Chapter 17

Cultivating Your Product Management Leadership Skills

IN THIS CHAPTER

check Breaking down what makes a great product management leader

check Understanding how your strengths and weaknesses contribute to your leadership style

Your role as a product manager may be a tactical role where you do lots of detail work with the team and make meaningful contributions to the team’s effort. Alternatively, you may step up to be a product leader, creating and driving the strategy while inspiring and guiding the team. For some product managers, the former is what they enjoy best and what leads to a rewarding career. But for other product managers, their passion is leading the team and the overall effort. Stepping up to do so takes a combination of courage, tact, and skill. Although cultivating leadership skills can enhance both career paths, this chapter is particularly targeted toward product managers aspiring to a leadership role with expanded responsibility. The chapter provides some insights into what it takes to develop into a leader.

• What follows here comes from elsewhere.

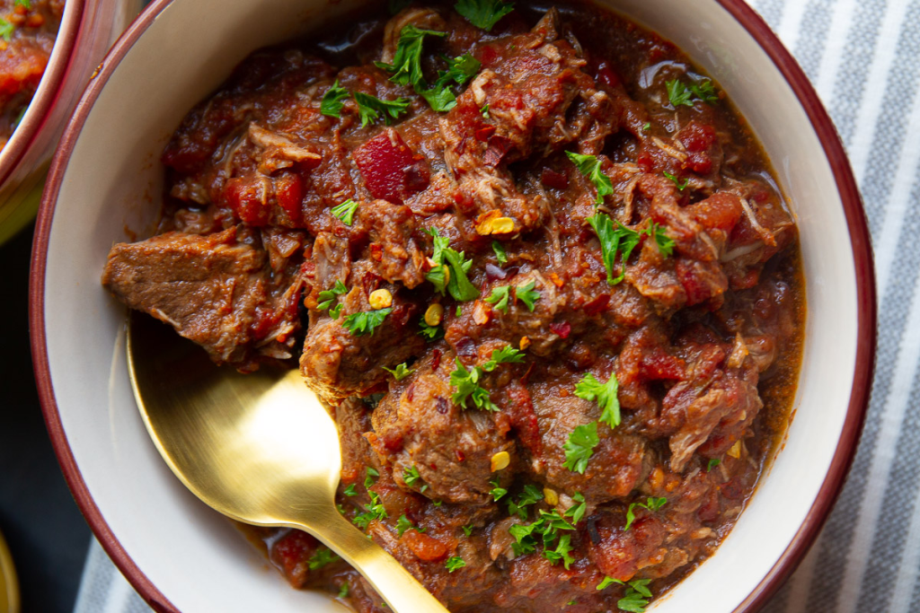The beef gets incredibly tender and picks up all those spicy, tangy flavors as it cooks.

Identifying Traits of an Effective Product Management Leader

A number of characteristics and abilities turn great product managers into great leaders. Following are the most important ones for you to develop in yourself:

  • Vision: Vision is the propensity to see where the market, competition, and industry are going and to create a strong vision for where the product needs to be to win the market and satisfy customers. Enhancing vision includes both short-term and long-term thinking; it often requires defying what others in the company may believe because they don’t have as much information or customer and market insight as you do. With a strong and compelling vision, you can attract others to follow.
  • Boldness: Boldness means to stand up for what you believe in. If you have great ideas but don’t make the effort to fight for them, you may never break out of your comfort zone and achieve a higher leadership role. Create opportunities for yourself by thinking outside the box and turning ideas into realities.
  • Ability to influence: A product management leader must be able to use both logic and emotion to win over wide ranges of audiences as she is implementing the product vision and strategy she believes in. For example, if there is a particularly important feature that needs to be included with your product, can you find a way to use both data (to appeal to the logical side) and personal stories about customers (to appeal to the emotional side) to persuade your engineers to include the feature?
  • Expertise: Being an expert in both the field of product management and the market segments your product targets is critical. If you aren’t an expert about the customers, markets, technology, and trends for your product, getting others to follow you will be difficult, if not impossible. For example, do you routinely spend time reading available articles about your market, competitors and customers online?
  • Enthusiasm: Enthusiasm is contagious. An enthusiastic product manager brings people together. When you project enthusiasm, you get yourself and your team to aim for a higher level. You get others excited to be involved with your vision. Note: The opposite is even truer. A jaded and negative product manager will ultimately fail with both products and career advancement.
  • Tenacity: The ability to keep going despite facing difficult people and circumstances is critical. As a product manager, you encounter situations that seem insurmountable, and tenacity is the key to breaking through. The effort isn’t a one-time activity or meeting. It’s succeeding in the long-haul with a vision and campaigning to achieve your goal.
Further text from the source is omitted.